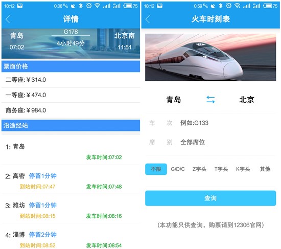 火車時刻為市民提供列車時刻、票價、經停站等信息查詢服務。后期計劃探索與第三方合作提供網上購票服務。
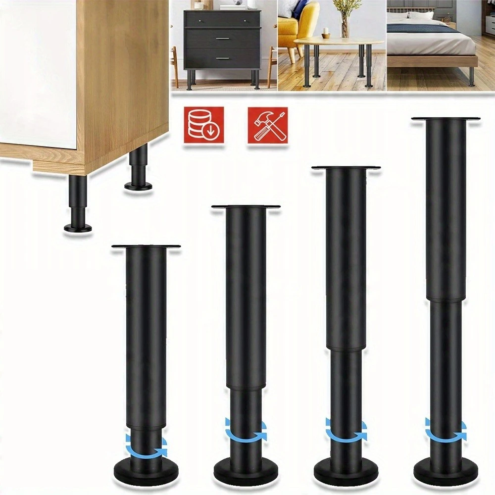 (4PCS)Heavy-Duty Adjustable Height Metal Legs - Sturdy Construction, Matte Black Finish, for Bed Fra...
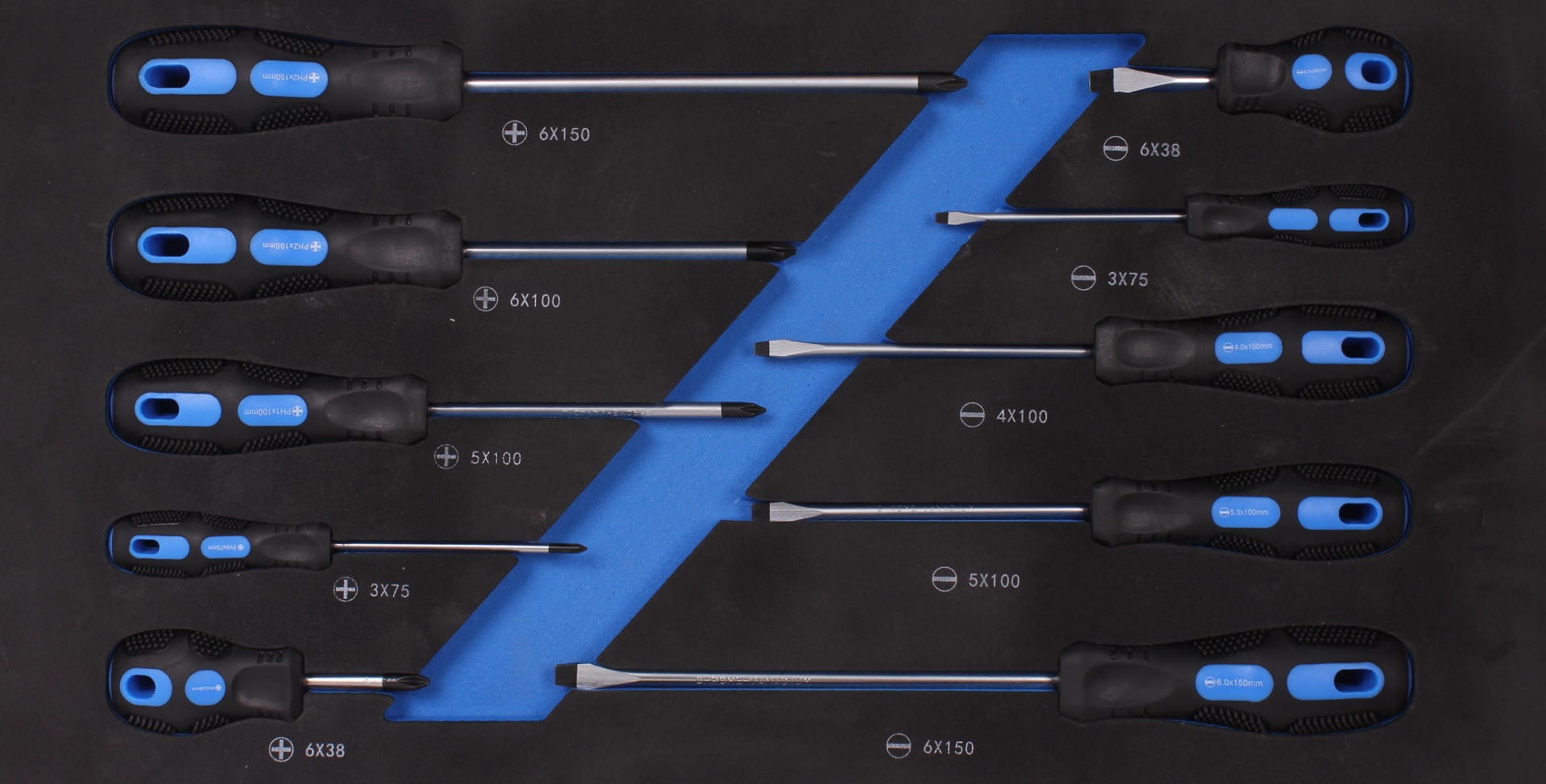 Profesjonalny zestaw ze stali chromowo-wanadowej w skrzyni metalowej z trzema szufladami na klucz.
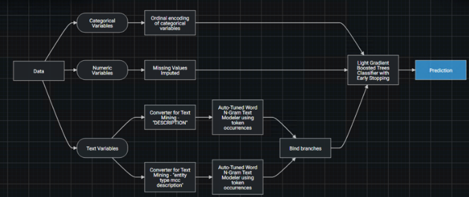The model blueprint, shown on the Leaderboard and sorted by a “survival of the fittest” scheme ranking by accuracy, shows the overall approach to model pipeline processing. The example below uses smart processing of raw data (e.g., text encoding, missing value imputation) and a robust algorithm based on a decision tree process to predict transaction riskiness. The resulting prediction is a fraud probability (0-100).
* * *
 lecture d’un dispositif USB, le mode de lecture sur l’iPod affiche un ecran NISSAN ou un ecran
...
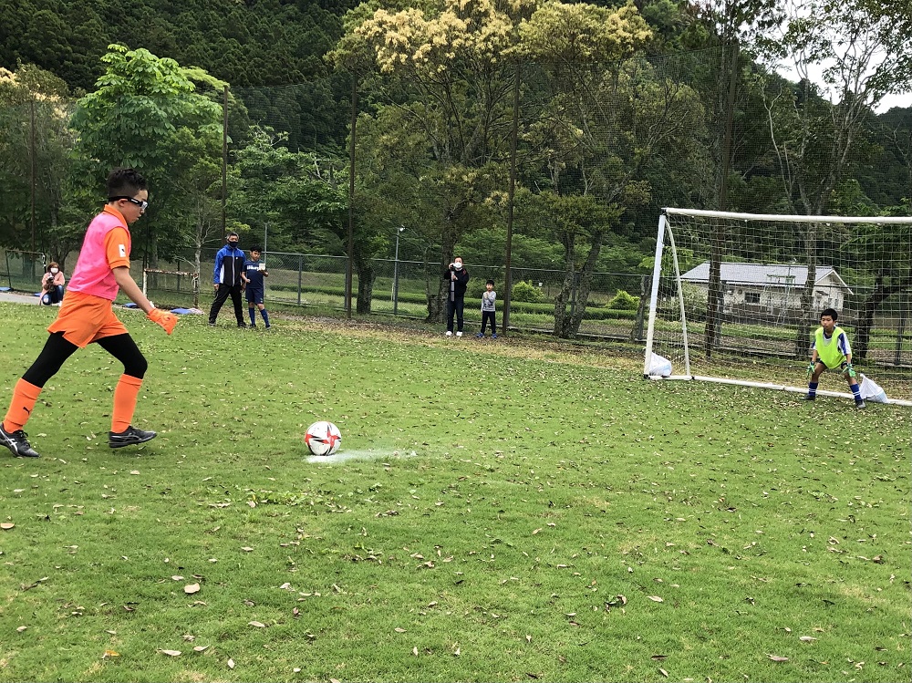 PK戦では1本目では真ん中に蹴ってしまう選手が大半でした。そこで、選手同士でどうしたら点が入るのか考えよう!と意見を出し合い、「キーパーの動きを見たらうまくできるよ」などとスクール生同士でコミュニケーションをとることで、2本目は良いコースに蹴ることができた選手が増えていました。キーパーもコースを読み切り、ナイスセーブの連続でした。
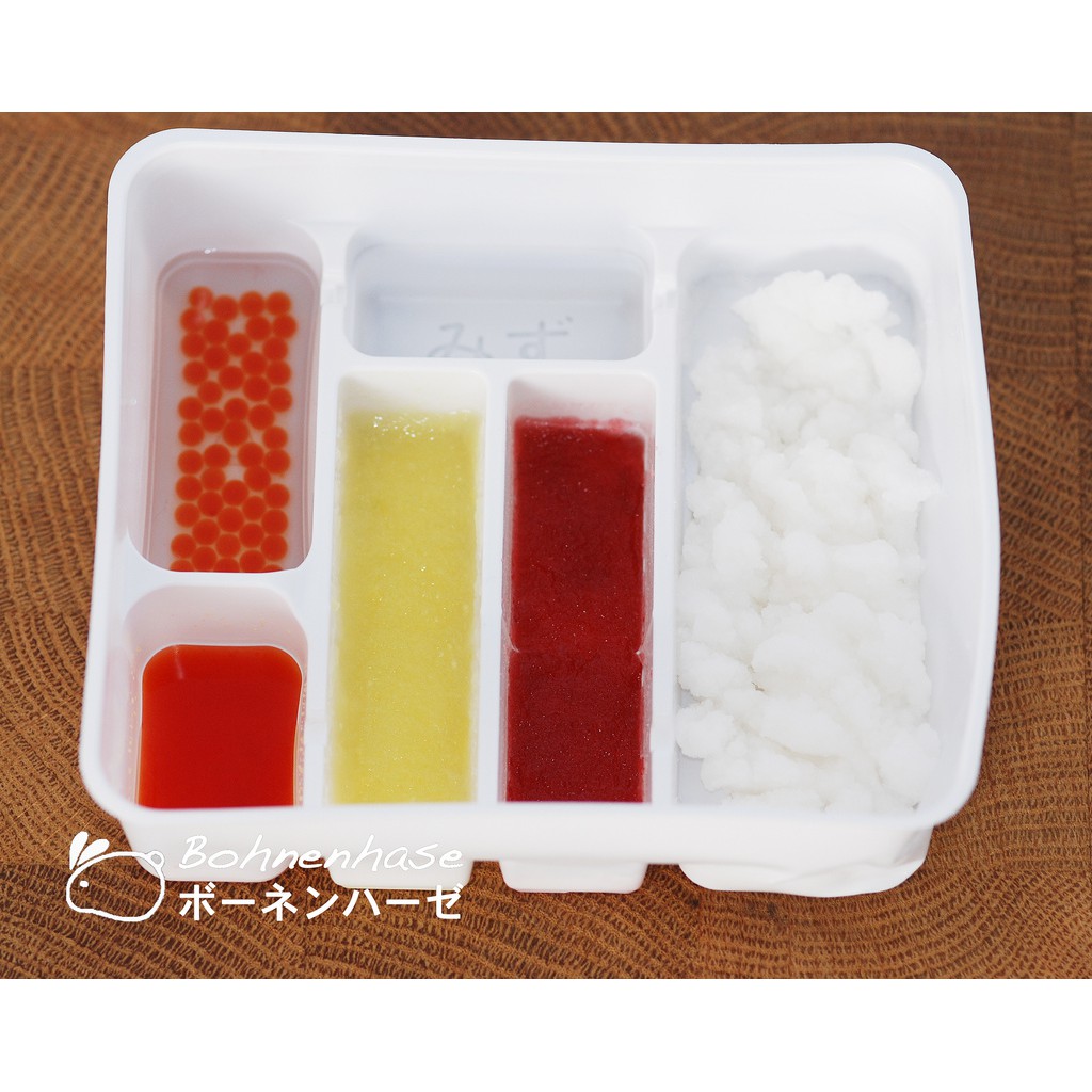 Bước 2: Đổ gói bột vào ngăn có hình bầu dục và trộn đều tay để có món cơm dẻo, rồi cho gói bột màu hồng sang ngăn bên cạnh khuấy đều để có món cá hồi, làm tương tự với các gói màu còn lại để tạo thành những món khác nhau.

• Exercise details: Print the line above containing "Profesjonalny zestaw ze", the line containing "The model blueprint, shown", and everything between them, exactly as written. Pictures stay out.

• Expected answer:
 Profesjonalny zestaw ze stali chromowo-wanadowej w skrzyni metalowej z trzema szufladami na klucz.
The model blueprint, shown on the Leaderboard and sorted by a “survival of the fittest” scheme ranking by accuracy, shows the overall approach to model pipeline processing. The example below uses smart processing of raw data (e.g., text encoding, missing value imputation) and a robust algorithm based on a decision tree process to predict transaction riskiness. The resulting prediction is a fraud probability (0-100).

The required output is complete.